Several corrections for this artifact have been developed, but they have their own pitfalls (for instance, they may result in areas of negative density). Furthermore, they are not available in ready-made form in many libraries, so in keeping with the theme of low-effort results I will just treat them as a caveat to be aware of. However, if you need them you can Google the terms boundary correction kernel density estimation
.
If you want to create your own KDEs, you may have to write some code, but there are plenty of libraries that provide easy functions for plotting KDEs. In Python, Seaborn and StatsModels are good options. In R, the standard library and ggplot2 are commonly used. And if you can’t find a library for your language of choice, you can always write your own - I did so for some of the plots in this article (you can see my code here), and it wasn’t too involved.
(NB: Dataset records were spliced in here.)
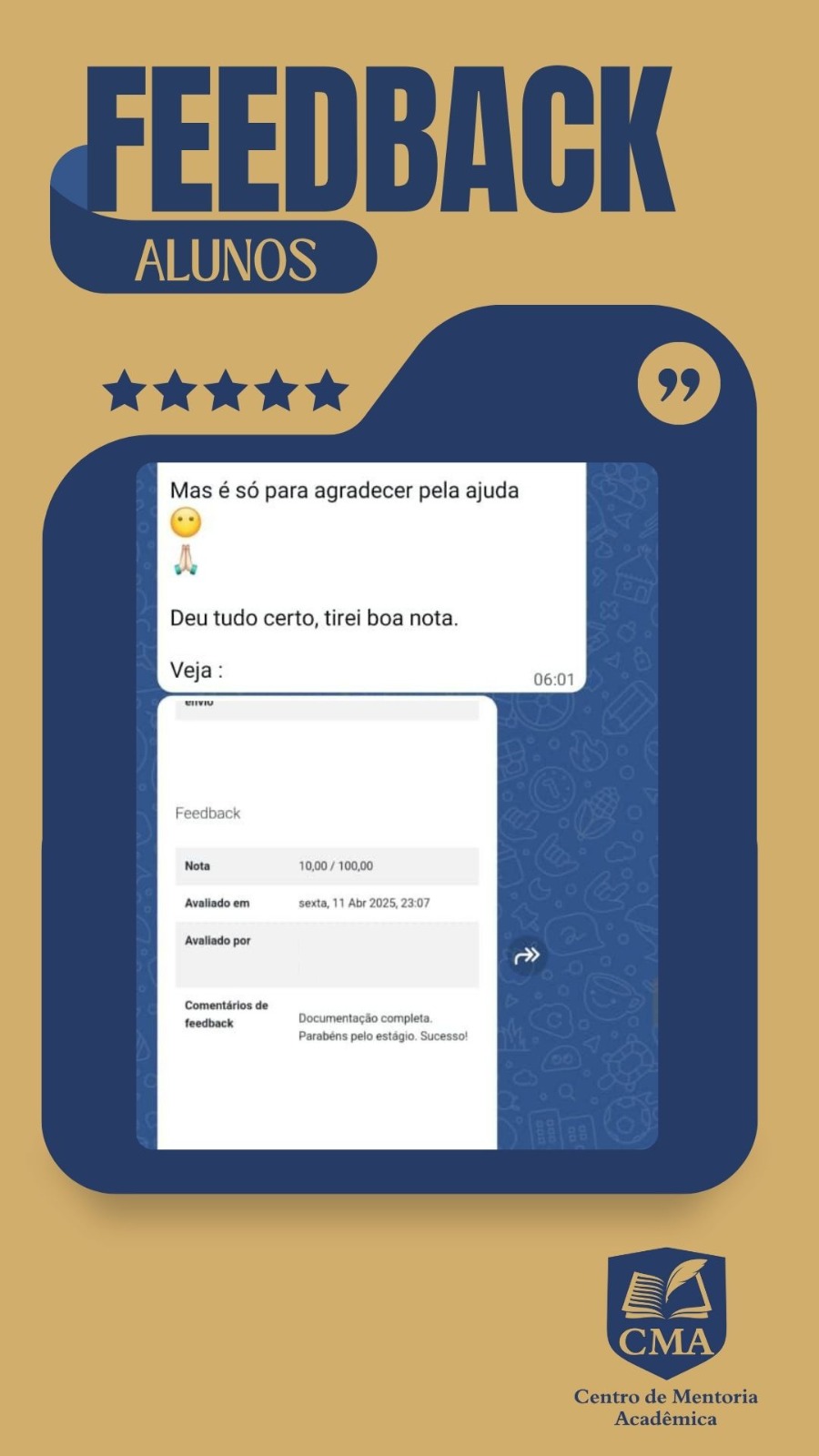 Oferecemos orientação especializada para estudantes na elaboração de relatórios de estágio, com foco na organização das informações, estrutura adequada do conteúdo, correção gramatical e formatação conforme as normas da instituição. Em casos específicos, orientamos o aluno sobre alternativas administrativas em situações de ausência de supervisão formal. Não redigimos o o relatório em nome do aluno — nossa atuação é focada em consultoria e acompanhamento técnico, promovendo autonomia, clareza e conformidade acadêmica ao longo do processo.
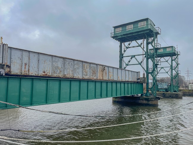 После окончания Второй мировой войны он был восстановлен советскими инженерами и использовался по прямому назначению. К 1960 году мост перестроили: сдвижной южный пролёт заменили на подъёмный, для чего возвели две башни с подъёмным механизмом по аналогии с двухъярусным мостом.
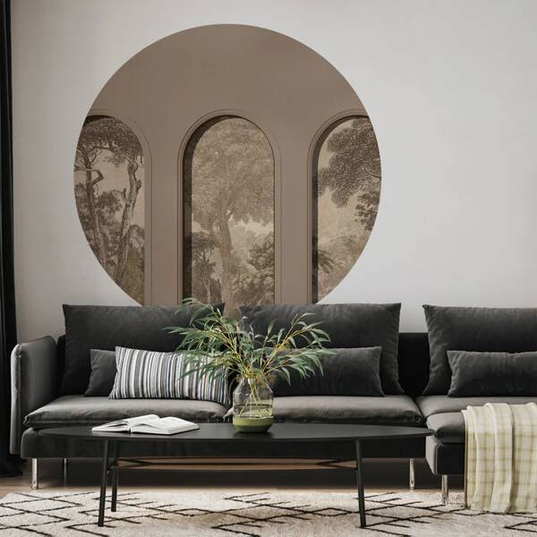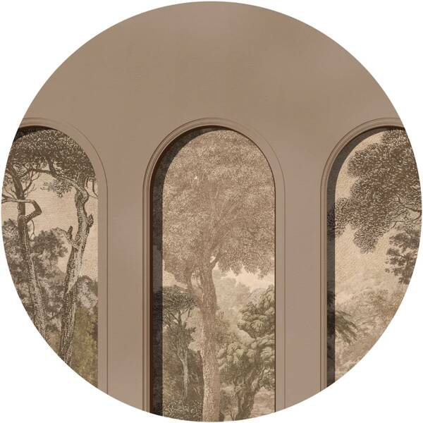 Wnętrze łuków to wzór Hood Light, który wprowadzi do wnętrza las w niezwykle eleganckim, nieco kolonialnym wydaniu. Widok nawiązujących do starych rycin przedstawia dziki, niezbrukany ludzką ręką starodrzew. Ciepłe zielenie i tło lekko stylizowane na stare ryciny, będą idealnym uzupełnieniem zarówno drewnianych mebli jak i przełamaniem nowoczesnych beży. Perspektywa uchwycona w pejzażu sprawi, że wnętrze nabierze głębi i optycznie się powiększy.
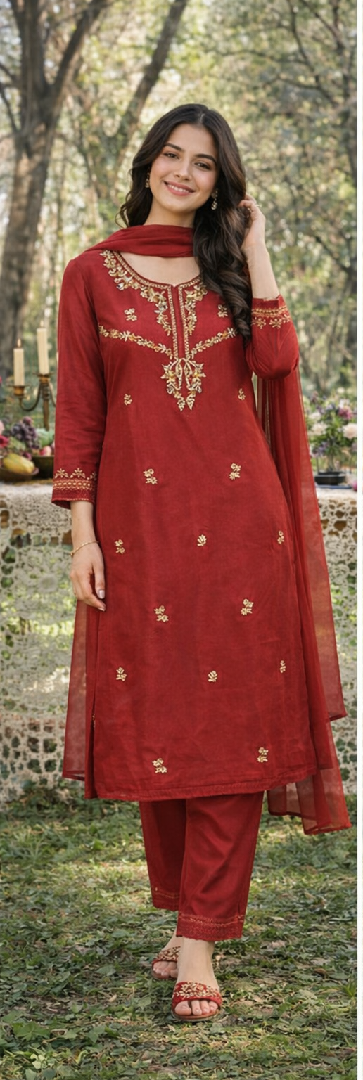 Number of Pieces: 3-piece set (Shirt + Trouser + Dupatta)
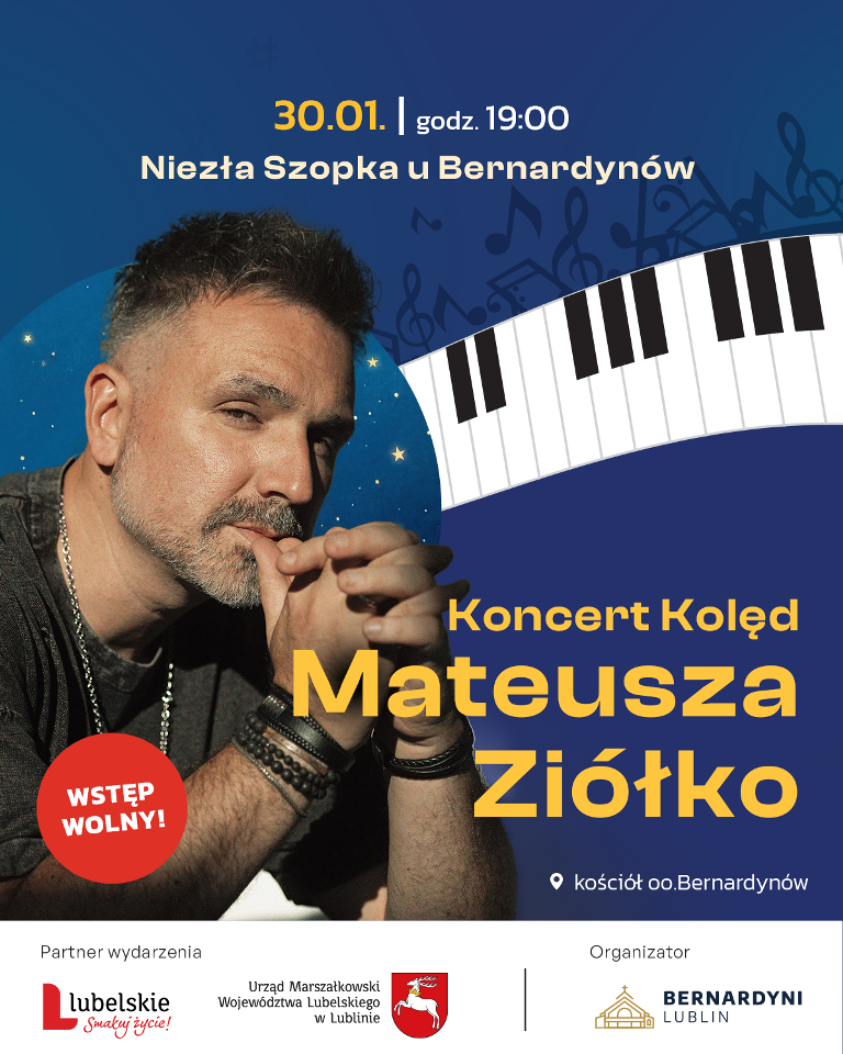 Pierwszy dzień wydarzenia, 30 stycznia, upłynie pod znakiem muzyki. W świątyni oo. Bernardynów wystąpi Mateusz Ziółko – znany polski wokalista i kompozytor, ceniony za poruszające interpretacje kolęd i pastorałek. Koncert zapowiada się jako nastrojowy wieczór refleksji i wspólnego przeżywania czasu poświątecznego, wypełniony dźwiękami znanych i lubianych utworów.
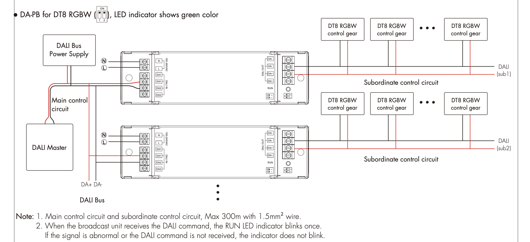- Odbiera polecenia DT6/DT8 z głównego obwodu DALI jako urządzenie sterujące z pojedynczym adresem i przekazuje odebrane polecenia DALI do wszystkich urządzeń sterujących podłączonych do wyjścia DALI OUT w formie poleceń nadawczych (broadcast)
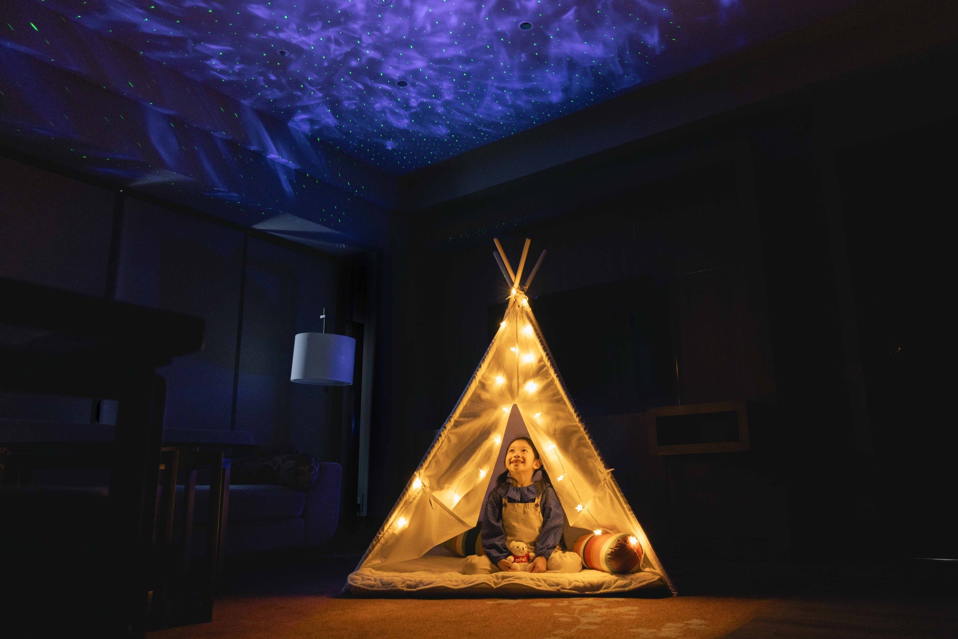 3つ目のドリームポイントは、都会で楽しむ煌めく夜空。スタープロジェクターを使い天候に左右されず、いつでもお部屋で幻想的な星空気分をご満喫ください。窓の外には都会的な夜景が煌めき、お部屋の中では映し出された夜空でアウトドア気分を味わえます。今までにない魅力的なホテルステイをご家族でお楽しみください。

KDEs are not the best choice for every scenario. Notably, you can’t easily use them to count where the original datapoints fall, and they somewhat obscure the original data - for these a quantile plot of the data vs. their percentiles may be more helpful. And if you are preparing a graph for an audience who is entirely unfamiliar with KDEs, a histogram may be more appropriate. Finally, KDEs are empirical and not mechanistic: if you have an existing model to explain the data (e.g., if you’re highly confident that the underlying distribution is a bimodal Gaussian of some sort), a KDE cannot be used to estimate your model parameters.
Nevertheless, with very little effort, KDEs outperform histograms in a variety of scenarios. Now that I know about them, I’m a little shocked that they were never mentioned in any of my engineering courses (which, for the record, included plenty of topics that involved statistical distributions). So try playing around a bit with KDEs and be sure to spread the word.
Happy plotting.
Bonus: Quantile plots
There is one other distribution plot that bears mentioning as a further alternative: the quantile plot. This is simply a scatter plot of the values of the data vs. the corresponding percentiles or “quantiles”. Unlike the histogram and the KDE, the points are directly plotted without any sort of model or parameters being imposed. See how the quantile plot compares with the KDE for the trimodal distribution from earlier, noting the swapped axes:
It takes a bit of practice to get comfortable interpreting quantile plots, but all the information is there: in short, plateaus in the quantile plot correspond to peaks in the distribution, and steep cliffs to valleys. If it helps to understand it mathematically, you can think of it as the inverse of the cumulative distribution function. As another example, see the distribution of marks from earlier:
Since there is no parameter for bin position or bandwidth, no fiddling needs to be done to accurately portray the data. And the quantile plot functions remarkably well even with small numbers of datapoints.
You can even use quantiles to compare two distributions, as in a Q-Q plot. But that’s an exercise left for the reader. It’s just one more plot that’s worth knowing about.